Une question ne tarde pas à se poser : « Et que veut-on dire, exactement ? Que le livre est essentiel, ou qu'acheter des livres est essentiel ? » À ce titre, difficile de ne pas relever certains profils parmi les partisans des réouvertures de librairies : des patrons de grosses maisons d'édition, des gérants de chaînes de librairies, des organisations professionnelles — des auteurs aussi, cependant, maillon très fragile de la chaîne du livre... Et même un fameux animateur d'émission littéraire sur France 5, qui plaide pour les libraires, oubliant au passage bibliothèques et médiathèques.

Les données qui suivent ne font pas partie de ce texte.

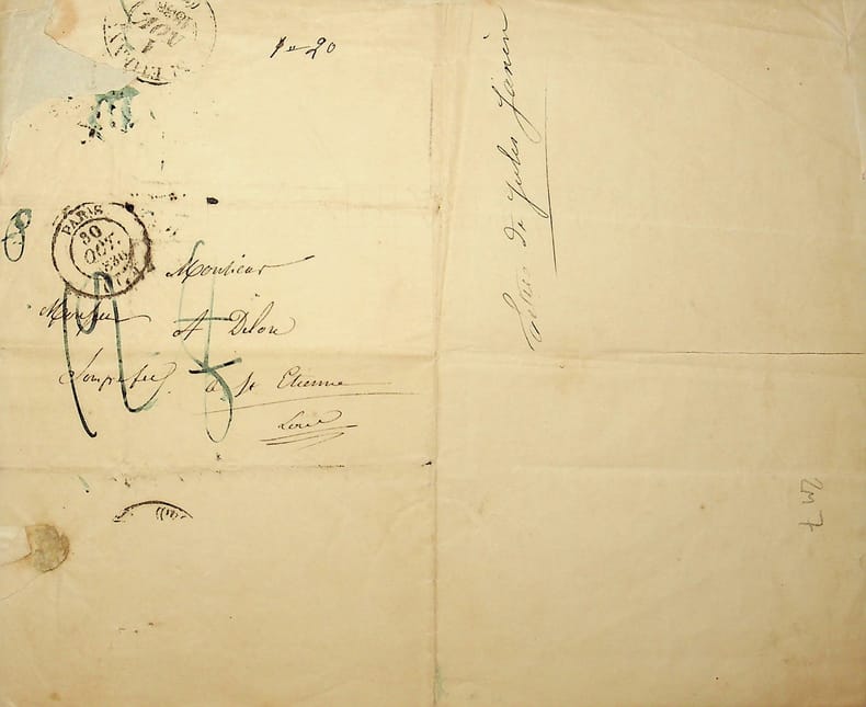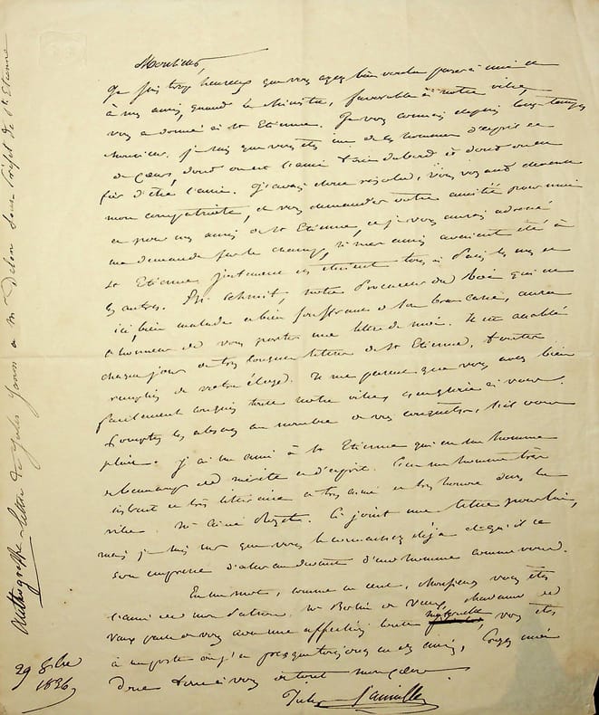 Jules Janin (1804-1874), écrivain, membre de l'Académie française. L.A.S., 29 octobre 1836, 1p in-4. A Alexandre Delon, nouveau sous-préfet de Saint-Etienne : « Monsieur, Je suis trop heureux que vous ayez bien voulu penser à moi et à mes amis, quand le Ministre, favorable à notre ville, vous a donné à Saint Etienne. Je vous connais depuis longtemps, Monsieur, je sais que vous êtes un de ces hommes d'esprit et de coeur dont on est l'ami tout d'abord et dont on est fier d'être l'ami. J'avais donc résolu, vous voyant devenu mon compatriote, et vous demander votre amitié pour moi et pour mes amis de Saint Etienne, et je vous aurais adressé ma demande sur le champ, si mes amis avaient été à Saint Etienne justement. Ils étaient tous à Paris les uns et les autres. M. Schmit, notre procureur du Roi qui est ici bien malade et bien souffrant et [mots illisibles], aura l'honneur de vous porter une lettre de moi. Il est accablé chaque jour de très longues lettres de Saint Etienne, toutes remplies de votre éloge. Il me promet que vous avez bien facilement conquis toute notre ville [mot illisible] si vous comptez les absents au nombre de vos conquêtes, s'il vous plait. J'ai un ami à Saint Etienne qui est un homme de beaucoup de mérite et d'esprit. C'est un monsieur très instruit et très littéraire et très aimé et très heureux dans la ville. M. Aimé Rozet [?]. Ci-joint une lettre pour lui, mais je suis sûr que vous le connaissez déjà et qu'il se sera empressé d'aller au devant d'un homme comme vous. En un mot, comme en cent, Monsieur, vous êtes l'ami de mon Patron, Mr Rolin de Vaux [?]. Monsieur de Vaux parle et vous avez une affection toute maternelle, vous êtes à un poste où j'ai presque toujours eu des amis. Croyez-moi donc tout à vous de tout mon coeur. Jules Janin » Belle lettre. [132]

Notons aussi que les personnes qui ont accepté de témoigner pour cet article l'ont toutes faite de manière anonyme, craignant des conséquences professionnelles néfastes. Liberté d'expression, donc, à condition de moutonner façon Panurge ?
Or, il semble évident que le facteur économique entre en compte pour motiver cette demande de réouverture : très peu de textes appelant à l'ouverture des librairies demandent le même traitement pour les bibliothèques, qui versent pourtant des droits d'auteur aux artistes [via le droit de prêt, constitué par une contribution de l’État sur la base des usagers inscrits en bibliothèques et une contribution des fournisseurs de livres sur la base de leurs ventes aux bibliothèques, NdR] et achètent des livres en passant par les libraires.

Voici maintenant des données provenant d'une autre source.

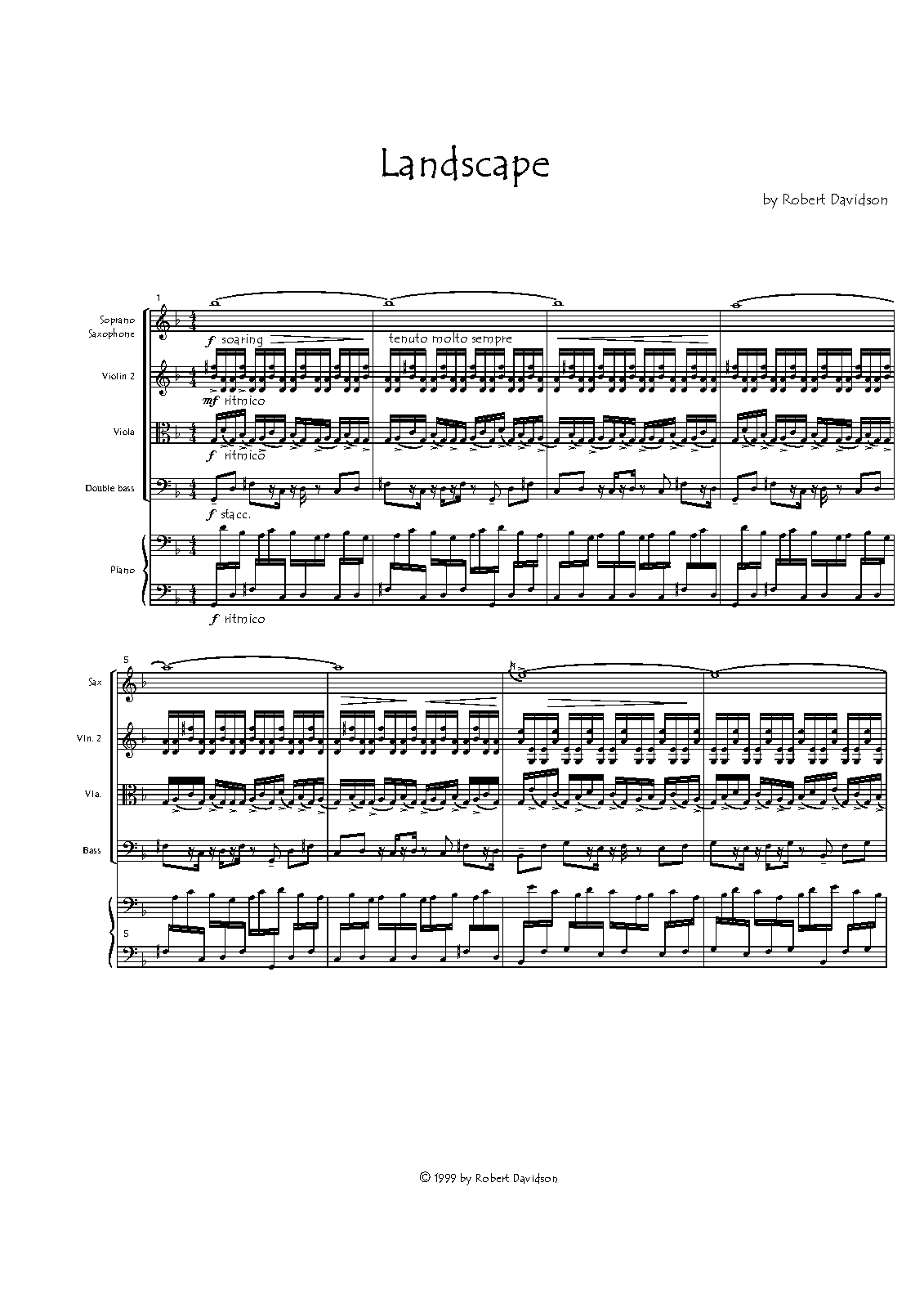 Program Note: Landscape was commissioned by Ensemble 24 and was premiered on their 2000 Asian tour. The area around the Glasshouse Mountains in southeast Queensland is the inspiration for the work. This is a landscape dominated by boldly shaped mountains, possessing for me a sense of great age and a certain violence - these mountains were once inside volcanoes. There is a great variety of topography in Landscape's landscape, including large placid lakes, ocean, wide plains, rainforest and scrubby bush. The music reflects this diversity with a range of contrasting textures.

Le syndicat du livre SGLCE-CGT s'étonne d'ailleurs de ce basculement : à l'occasion de ce second confinement, les enjeux économiques passeraient au premier plan, au détriment de la santé des libraires, en particulier des salariés.
#Librairies Communiqué du collectif CGT des salariés des librairies à propos de la situation actuelle. pic.twitter.com/zA76M4Cb4x
— Syndicat général Livre et Communication écrite CGT (@SGLCE_CGT) November 2, 2020
Dans une économie capitaliste, la lutte des classes n'est évidemment jamais terminée : « Ce ne sont pas les principaux intéressés qui parlent [d'ouvrir les librairies au public, NdR]. Ce n'est pas eux qui sont mis en danger dans le contact avec le public. Je comprends par contre que cela part d'un bon sentiment, mais sans souci de la réalité du terrain », relève une libraire « polyvalente » qui fait « un peu de tout » dans la librairie. « Oui, le travail prime sur la santé. C'est une idéologie dominante », déplore-t-elle en écho au discours de Macron sur le nouveau confinement, qui mettait pratiquement à égalité la santé des citoyens et celle de l'économie.

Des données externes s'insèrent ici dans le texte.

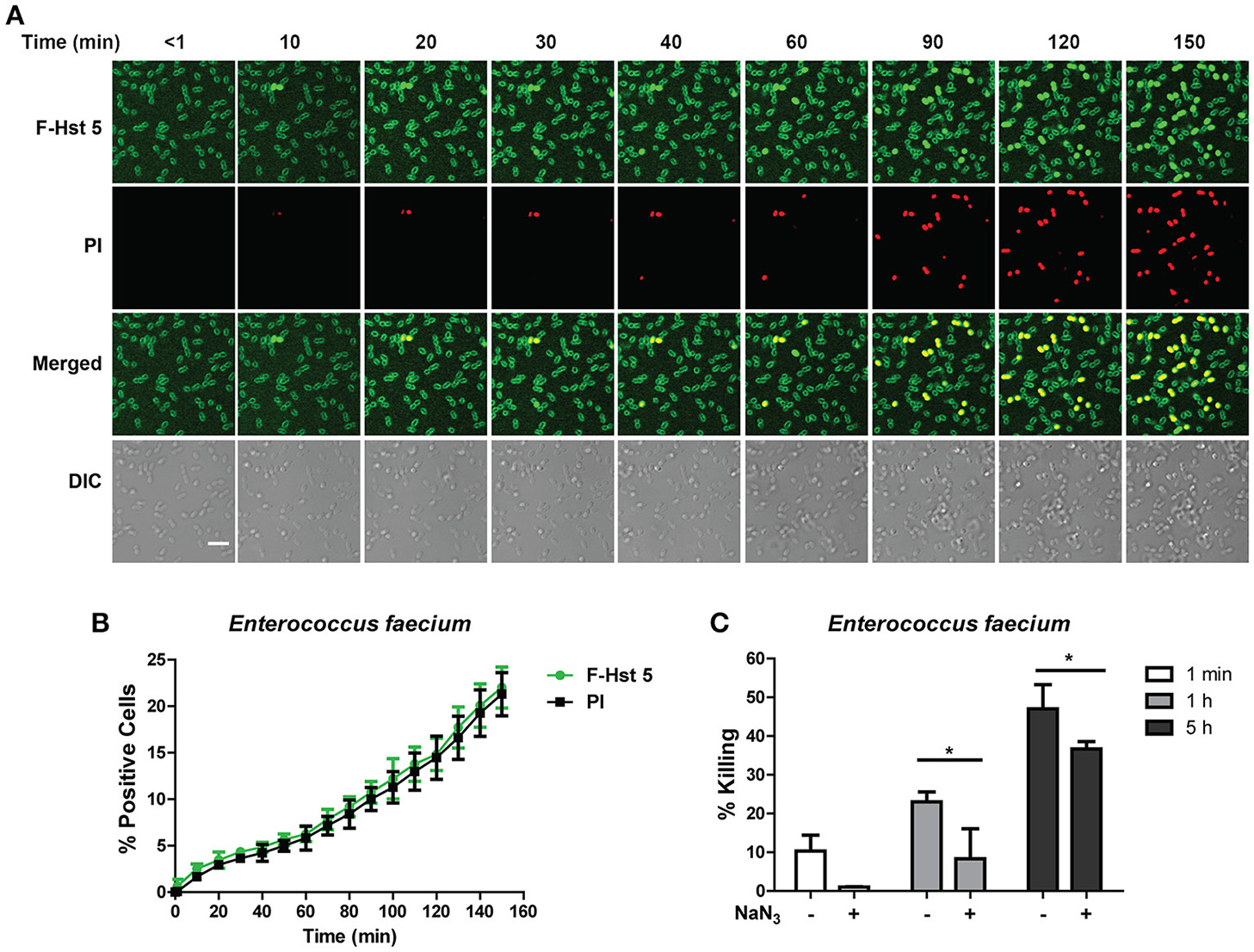 Time-lapse confocal microscopy showed that Hst 5 (30 μM) rapidly (< 1 min) bound with the surface of E. faecium cells, although no internalization was evident until after 10 min of incubation (Figure 2A). This slow internalization resulted in only 15% of cells taking up F-Hst 5 by 120 min; but in each instance, Hst 5 internalization was accompanied by PI uptake (indicative of cell death; Figure 2B). This close correlation between intracellular Hst 5 and PI uptake suggested that targets of Hst 5 are intracellular rather than its effects being membrane lytic. However, the percentage of killing from the bactericidal assay was higher than apparent PI staining, suggesting that some portion of killing was delayed. To evaluate this, we pretreated cells with an inhibitor of energy metabolism (NaN3) as a means to determine whether the killing activity of Hst 5-treated E. faecium might be dependent upon cell metabolism. As expected, pretreatment of cells with NaN3 significantly reduced the killing efficiency of Hst 5 at 1 and 5 h (Figure 2C), showing that some portion of Hst 5 killing of E. faecium requires target cell energy, likely for Hst 5 internalization or intracellular organelle localization.

Si ces derniers jours ont pu fruster et agacer des libraires au sein d'une profession loin d'être unanime sur le sujet, on reconnaît toutefois une mobilisation et un soutien salutaires, qui prouvent l'attachement des clients et la possibilité de mobiliser la population pour les librairies. « Jamais on n'aura autant entendu parler de la librairie qu'au cours de ces derniers jours », insiste un commerçant parisien.
Pour poursuivre sur cette lancée, une consoeur suggère que l'« on mène ensemble une grande campagne de mobilisation de nos lecteurs sur le clic et collecte, et plus généralement tout autre moyen qui, sans en être strictement, permet de garder le contact avec vos librairies habituelles, par mail, par téléphone, par les réseaux sociaux, etc. pour les soutenir financièrement et continuer à fonctionner ».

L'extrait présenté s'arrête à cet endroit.